Study finds periodontitis increases risk of stroke in young people

Periodontitis has been shown to be associated with cognitive decline, and recent research has linked periodontitis to the risk of stroke in young people.

 Study finds that periodontitis increases the risk of stroke in young people.

Stroke is the second leading cause of death worldwide. There is emerging evidence that periodontitis is associated with an increased risk of ischemic stroke. Based on their research on the link between poor periodontal health and various cognitive problems, a team from the University of Eastern Finland examined the relationship between periodontitis and stroke in people under 50 years of age and confirmed the link in a case-control study.
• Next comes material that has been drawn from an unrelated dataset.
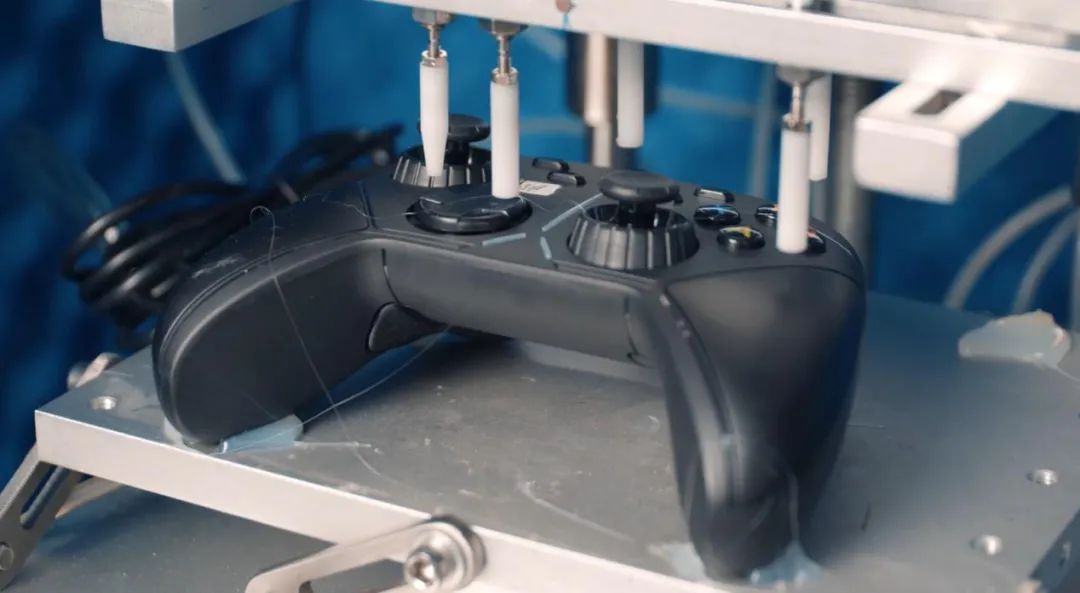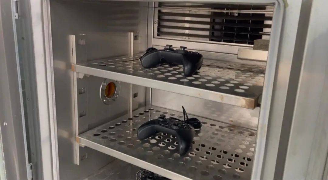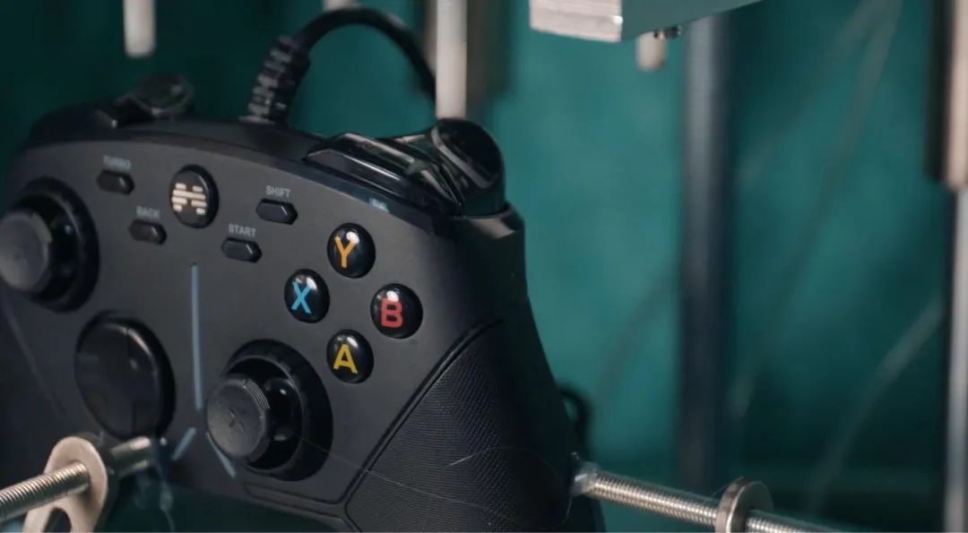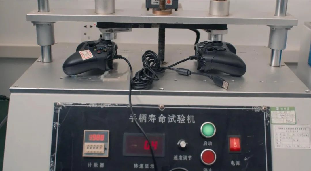 除了生产流程,生产基地里还有一个专门对手柄进行“严刑拷打”的质检区。我们会在市售的手柄中随机挑选几个出来进行严苛的品控测试,测试项目包括按键寿命、摇杆寿命、抗高低温、防潮和跌落测试等。

The study involved 146 people aged 18 to 49 years who had suffered cryptogenic ischemic stroke that was not explained by established risk factors, and 146 age- and gender-matched controls. Based on the results of a thorough radiological and clinical examination, as well as patient indicators such as obesity, alcohol consumption, smoking and education level, and bacteremia, the researchers concluded that there is a clear correlation between periodontitis in people under 50 years of age. years and an increased risk of cryptogenic ischemic stroke. Putting this into context, study co-author Dr. Pirkko Pussinen, professor of translational dentistry at the university's Institute of Dentistry, said on the university's website: “People with periodontitis have a 2-2.5 times higher risk of stroke during working age.”

Additional findings from the study include the fact that stroke severity increased with increasing severity of periodontitis and that stroke onset was associated with recent invasive dental procedures or the presence of chronic dental infections requiring emergency dental treatment. Professor Pussinen elaborated on this: “The risk of stroke also increases after invasive dental procedures such as root canals and tooth extractions, especially in people with a patent foramen ovale (PFO), the opening between the left and right atrium.”

The study found that both OOO and oral bacteria released into the bloodstream as a result of periodontal disease may contribute to the formation of blood clots that lead to stroke, but there were cautions about the role the bacteria play. The researchers said: “We were able to obtain blood samples from patients just a few days after their stroke, and at this point no bacterial biomarkers were detected in their blood.”